I would have hesitated with Intel gen 12, but not gen 10.


----------



## Alex84 (Aug 11, 2022)

I have an Intel i3 12100.

https://cpu.userbenchmark.com/Compare/Intel-Core-i9-10900K-vs-Intel-Core-i3-12100/4071vs4126It has only 4 cores, but you can see , it has higher Singlecore Performance.
Also Gen 12 has HT (Hyperthreading) enabled under I7 too.


----------



## d.healey (Aug 11, 2022)

Alex84 said:


> Also Gen 12 has HT (Hyperthreading) enabled under I7 too.


So does 10th gen



Tchem said:


> Intel core i9 10900k or AMD 9 AMD 9 5900x.


Out of these two I'd go for the AMD. But I wouldn't get either of these. I'd get a 12th Gen Intel or wait for 13th Gen which is coming soon.


----------



## parapentep70 (Aug 11, 2022)

What's the use of buying a 12 or 16 core CPU and consider so important what you could do if limited to use a single core? Either you need the extra cores for performance or not. 

Single core performance is not guaranteed even for certain "star core" when the other cores are operating at full load. In fact when you load all cores, single core performance in the best core is reduced due to voltage drops and high temperature.

So if someone plays certain game limited to 4 cores, get the CPU with fastest 4 core performance (possibly more than 4 core but sure not a xeon or threadripper). But if your OS and DAW can efficiently manage true multicore, focus on multi-core performance.

Which professional renders with Blender or Cinebench with a server... limited to a single core?


----------



## jblongz (Aug 11, 2022)

I vouch for 5900x with an X570 board. Go with AIO water cooling or get a decent Noctua fan to get the best performance.


----------



## Alex84 (Aug 11, 2022)

But in DAW many processes are limited to a single core.
Of course they can be distributed to different cores parallel, but the Singlethreadperformance ist important.
Actually i mentioned it to show the difference between Gen 10 and Gen 12 Intel.














How to Choose a Killer CPU for Audio Production


Will your DAW benefit from more cores or a higher clock speed? Read on to find out!




www.opus101proaudio.com


----------



## MartinH. (Aug 11, 2022)

I'd take whichever one wastes less energy. In my case that tipped the needle towards AMD, but I don't know this specific intel model to compare. I'm very happy with my Ryzen 9 5900x, but I have to admit I'm not very picky with CPUs.


----------



## Ju'z Music (Aug 11, 2022)

it all depends for the use, I'll say the cheapest. Both are good by the way


----------



## parapentep70 (Aug 11, 2022)

Alex84 said:


> But in DAW many processes are limited to a single core....


That's the key. _MANY_.

Typically more than 4 or 6 or 8. So unless you run an especially bad-behaved Reaktor track in addition to very few additional tracks barely loading the system, single core performance is not relevant.

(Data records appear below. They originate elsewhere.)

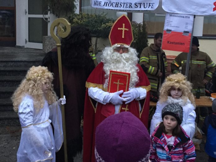 Den Einzug des Nikolauses verfolgten die kleinen Gäste gespannt und wurden mit einer Kleinigkeit aus dem Korb von Knecht-Ruprecht überrascht.
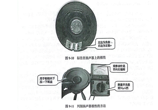 安裝在同一個(gè)音箱中的揚(yáng)聲器,所接極性必須相同。揚(yáng)聲器相位判斷方法如下:揚(yáng)聲器口朝上放置,萬用表置于“直流50uA”擋,兩表筆分別接揚(yáng)聲器兩引出端,用手輕輕向下壓一下紙盆。在向下壓的瞬間,如果表針向右偏轉(zhuǎn),則黑表筆所接為揚(yáng)聲器的“+”端,紅表筆所接為揚(yáng)聲器的“—”端,如圖9—11所示。
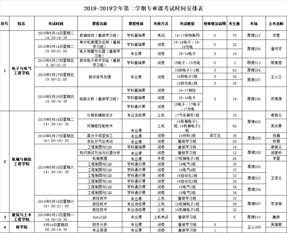 2018-2019学年第二学期第十二周专业课考试时间安排表

This might be true for someone playing Massive X live (just 1 major thread). At the moment someone works on 6 or 7 kontakt tracks, load is distributed among cores.

When I want to push things to their limits (I once needed ~120 tracks, all of them almost equally active because it was a VR project with 6 coherent listening areas), all my cores seemed to have the exact same load. Which is the only way to push CPU load beyond 80% without clicks.

By the way, in my system I measured the small gain by using hyperthreading (which helps in an even better redistribution of load among the cores).

I am assuming that in 2022 there is no DAW+Operating system combination that tries to assign all heavy audio tasks to a single core! 

Anyway what I said remains true. If any particular DAW + operating system + use case depends so much on single core performance (which I doubt), then there is no need for more than 4 cores.

If you need 8 or 12 or 16 or 32 cores, then it is not relevant that if you did not need, then 1 thread might be theoretically faster when running benchmarks.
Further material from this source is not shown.